Aim of the task: Pictures stay out of the copy; set down each line of the listing below exactly.

Stored data:
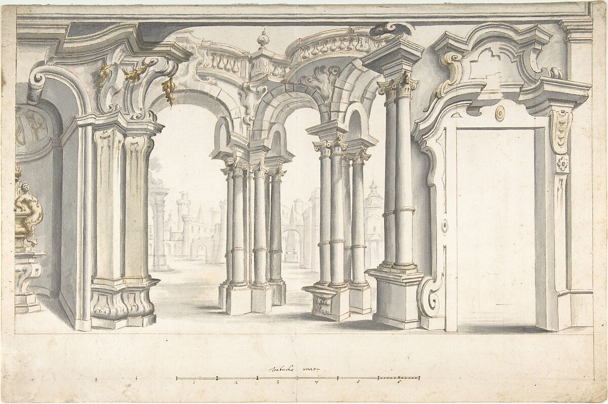- Medium:Pen and brown ink, brush and gray and yellow wash, over black chalk, with ruled construction; measuring scale in pen and brown ink
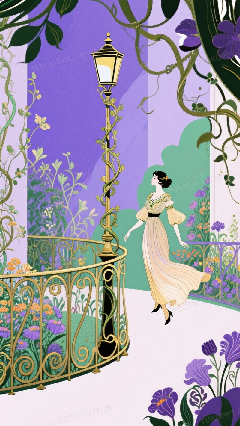 本作品内容为新艺术风格花园插画弯曲的铁艺栏杆环绕着奇异花卉, 格式为 jpg, 大小1 MB, 图片尺寸为936 x 1664, 源文件无水印, 欢迎使用熊猫办公。 如认为平台内容涉嫌侵权,可通过邮件:tousu@tukuppt.com提出书面通知,我们将及时处理。
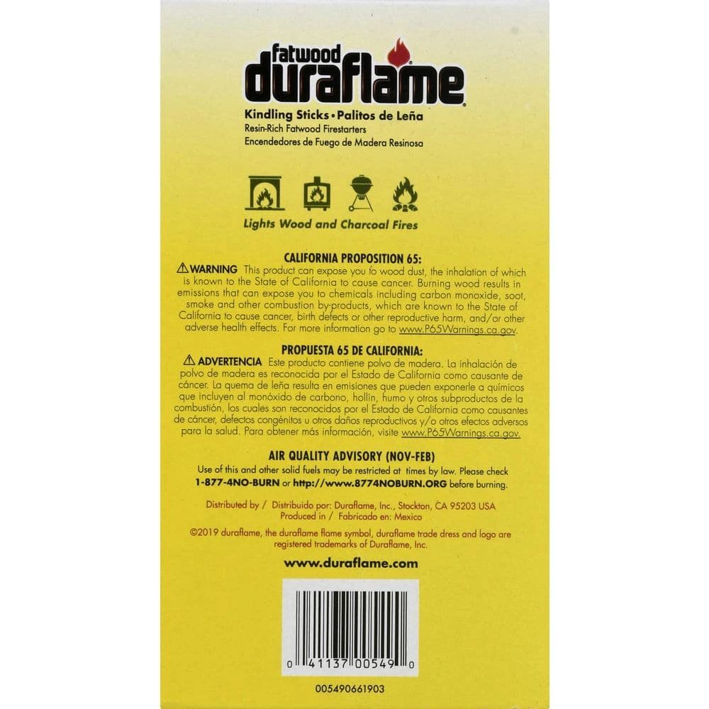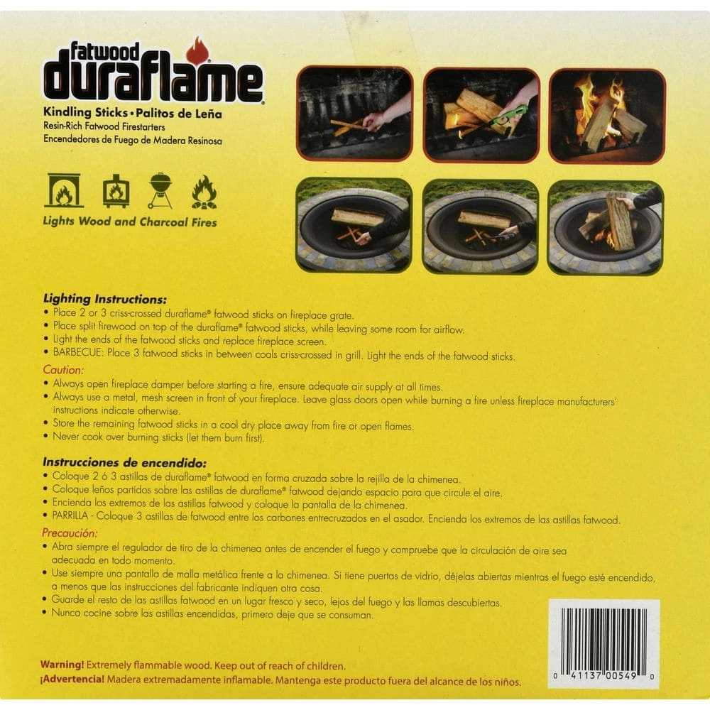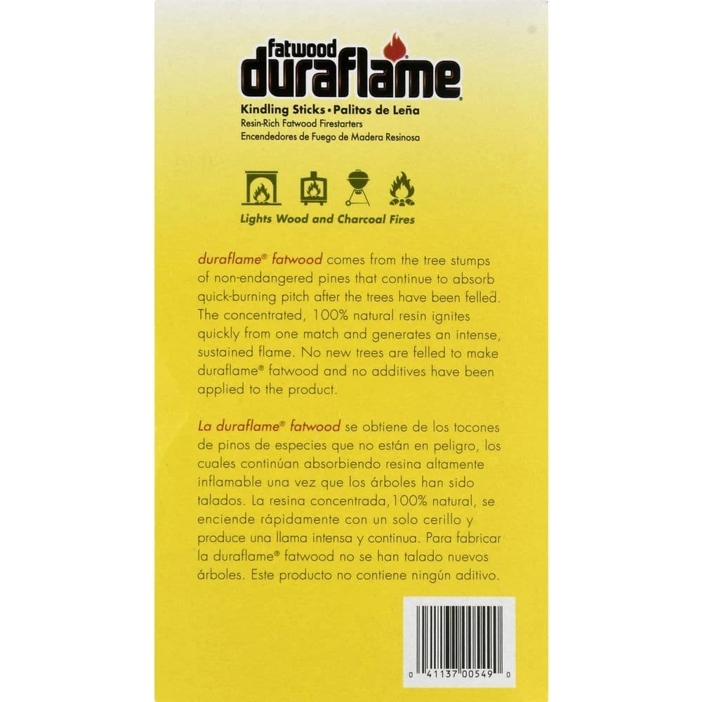 Duraflame fatwood comes from the tree stumps of non-endangered pines that continue to absorb quick-burning pitch after the trees have been felled. The concentrated, 100% natural resin ignites quickly from 1 match and generates an intense, sustained flame. No new trees are cut down and no additives have been applied to the product. Duraflame fatwood is both user and environment friendly.
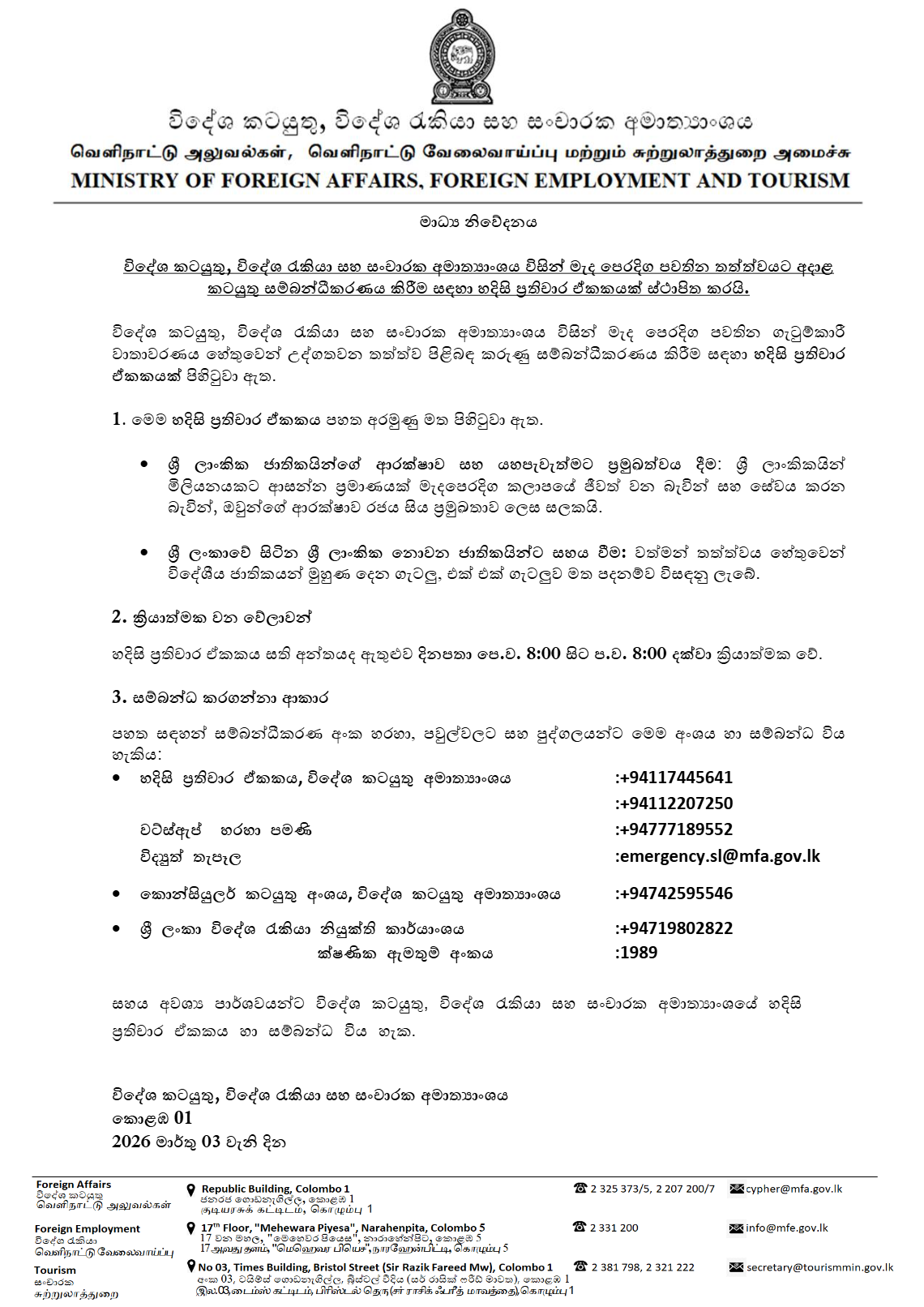 මැදපෙරදිග පවතින තත්ත්වය සැලකිල්ලට ගෙන විදේශ කටයුතු, විදේශ රැකියා සහ සංචාරක අමාත්යංශය විසින් හදිසි ප්රතිචාර ඒ්කකයක් ස්ථාපිත කර ඇත.

Solution for this exercise:
- Medium:Pen and brown ink, brush and gray and yellow wash, over black chalk, with ruled construction; measuring scale in pen and brown ink
 本作品内容为新艺术风格花园插画弯曲的铁艺栏杆环绕着奇异花卉, 格式为 jpg, 大小1 MB, 图片尺寸为936 x 1664, 源文件无水印, 欢迎使用熊猫办公。 如认为平台内容涉嫌侵权,可通过邮件:tousu@tukuppt.com提出书面通知,我们将及时处理。
 Duraflame fatwood comes from the tree stumps of non-endangered pines that continue to absorb quick-burning pitch after the trees have been felled. The concentrated, 100% natural resin ignites quickly from 1 match and generates an intense, sustained flame. No new trees are cut down and no additives have been applied to the product. Duraflame fatwood is both user and environment friendly.
 මැදපෙරදිග පවතින තත්ත්වය සැලකිල්ලට ගෙන විදේශ කටයුතු, විදේශ රැකියා සහ සංචාරක අමාත්යංශය විසින් හදිසි ප්රතිචාර ඒ්කකයක් ස්ථාපිත කර ඇත.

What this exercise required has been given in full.